Performance of the new branch: one additional O(1) has_extension test per file (allocation cost only). The 8-line eprintln! block fires once at REPL startup, not per turn. Negligible.

Recommendation

APPROVE for merge. Carry the LOW items as future-work suggestions; none rise to a release blocker on their own and none are introduced by this PR.

Two Fixed entries under the new ### Fixed subsection in [Unreleased]: - chat_template.jinja now included in downloader allow-list (*.jinja extension added to is_wanted_file in filters.rs), with detail on the guard ordering that keeps the attack surface unchanged (#132, PR #134). - mlxcel run base-model warning upgraded from a one-liner to an actionable multi-line block that names the likely cause, suggests the -it Hub variant, and documents the --no-chat-template / mlxcel generate -p escape hatches (#132, PR #134).

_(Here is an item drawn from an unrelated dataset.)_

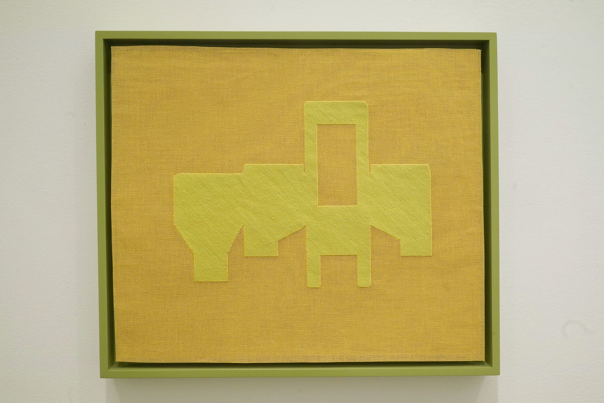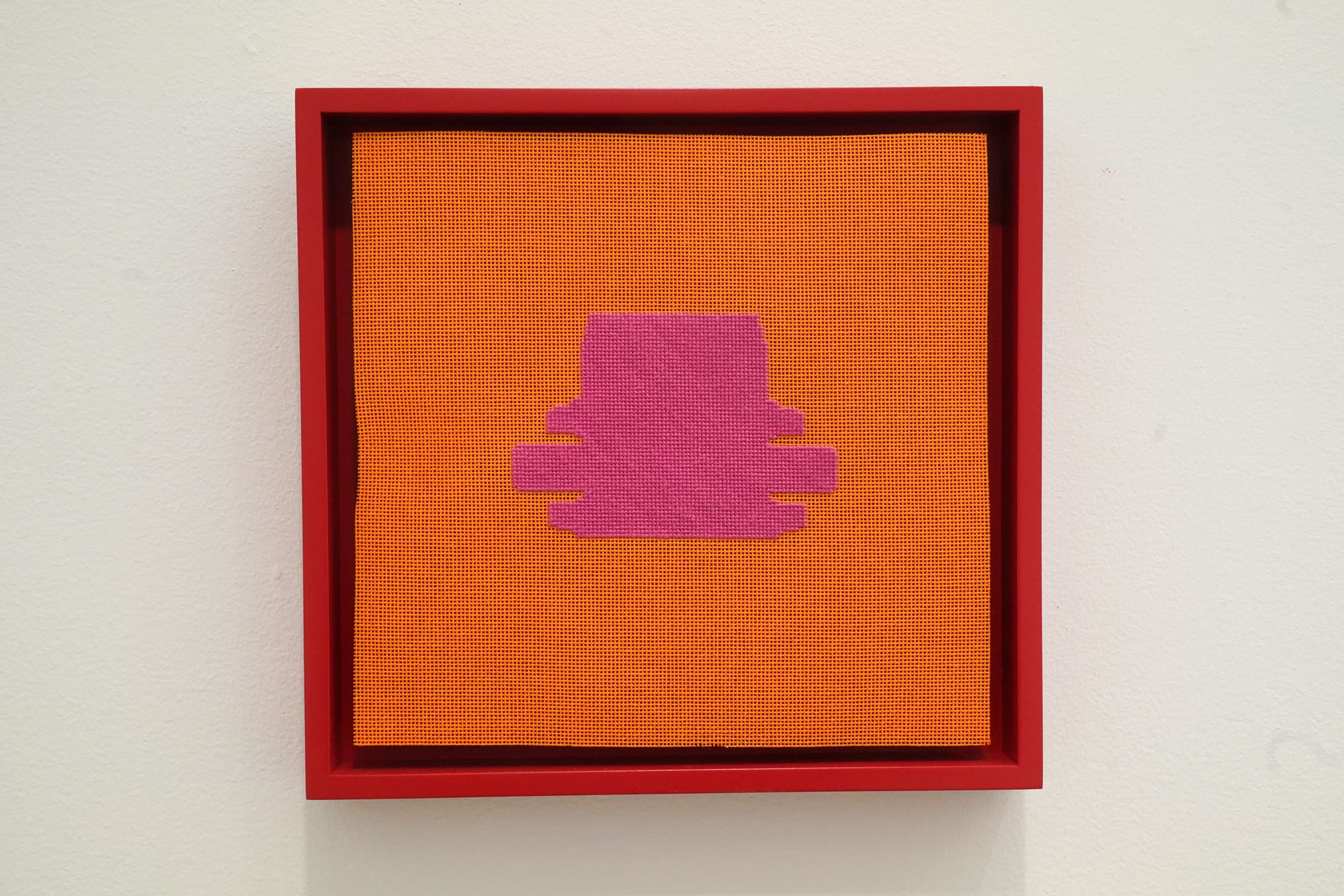 Each needlepoint takes the artist about a month to complete. She replicates the flattened forms in graphic, solid-colored shapes, with no branding or visual hints at the box’s former purpose, on brightly colored rectangles of canvas, using wool and silk threads. The pieces pulse with a palette of analogous colors reminiscent of 197os styling (tangerine and magenta, lemon and chartreuse, petal pink and violet). The imagery that emerges transforms the single-use cardboard boxes, destined for the recycling bin, into something that feels more substantial and almost architectural, akin to floor plans or theater seating charts.
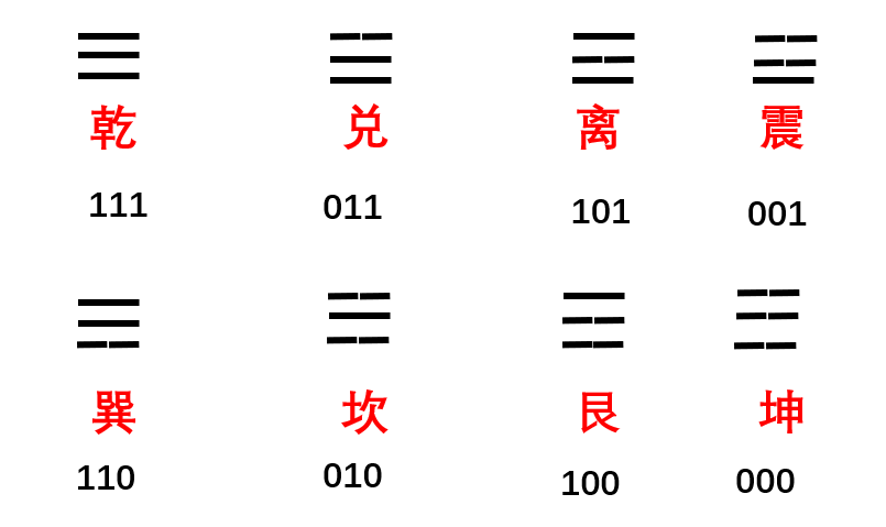 下面我们把八卦阵拉平,并写成二进制。

inureyes · 2026-05-28T13:18:55Z

PR Finalization Complete

Summary

CHANGELOG.md: Added ### Fixed subsection under ## [Unreleased] with two entries matching the v0.1.0 prose style — one for the *.jinja allow-list fix, one for the actionable base-model warning. Both reference fix(chat): garbage output for base/non-instruct models and missing chat_template.jinja in downloader #132 and PR fix: chat_template.jinja downloader allow-list and base-model UX warning #134.
debian/changelog: Left untouched per spec — no unreleased stanza pattern exists in that file; it syncs from CHANGELOG.md at release-prep time.
docs/ko/: Not touched — directory does not exist yet; reserved for a dedicated translation PR.
English docs (installation.md, supported-models.md, adding-models.md, README.md): Scanned for base-model / chat-template references. None of the existing sections are invalidated or improved by this fix; no doc edits made.
Tests: Downloader regression test (assert!(is_wanted_file("chat_template.jinja"))) already present at src/downloader/tests.rs:173. Chat warning is inline eprintln! — not refactored to a helper (consistent with pre-existing architecture, LOW finding L2 noted by reviewer as acceptable).
Lint/Format: cargo check --lib --tests → 0 errors / 0 warnings (sanity gate; no Rust code changed).

Commit pushed

612f774 docs: add [Unreleased] CHANGELOG entries for PR #134

All checks passing. Ready for merge.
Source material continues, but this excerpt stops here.